Following on from the conversation in #261 this PR allows the user to configure the behavior of a given Transport, separate from the pre-existing TransportOptions interface which deals with passing request state (ie: host, url, callbacks, etc).

To facilitate this change, the transport option passed to the unary, invoke and client functions is now expected to meet the new grpc.TransportFactory interface, ie: a func which can accept zero or more args and will return a grpc.Transport instance.

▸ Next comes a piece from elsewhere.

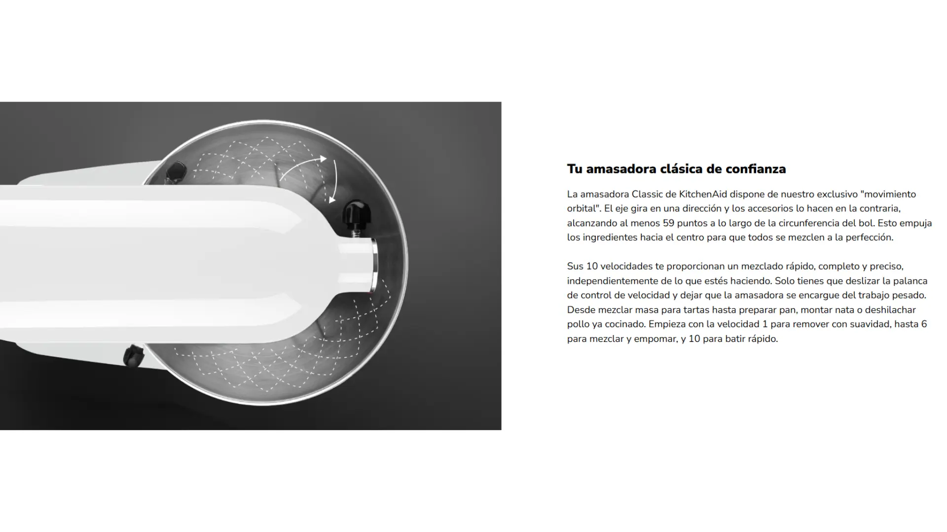 Esta versátil amasadora lo hace todo. Con las famosas curvas de KitchenAid y el exclusivo movimiento de órbita, este aparato no puede faltar en tu cocina.

grpc.unary(BookService.GetBook, {
    request: getBookRequest,
    host: host,
    transport: grpc.HttpTransport({ credentials: 'include' }),
    onEnd: ( /*...*/ )
});

Note this results in a breaking change for anyone currently using the Websocket Transport; instead of specifying:

transport: gprc.WebsocketTransportFactory

They would instead now call:

transport: grpc.WebsocketTransport()

This change also spurred me to to fix #191 and #141 by extracting the 'Node HTTP' transport out from the gprc-web-client package and into a new module: grpc-web-node-http-client, which will be published to npm separately.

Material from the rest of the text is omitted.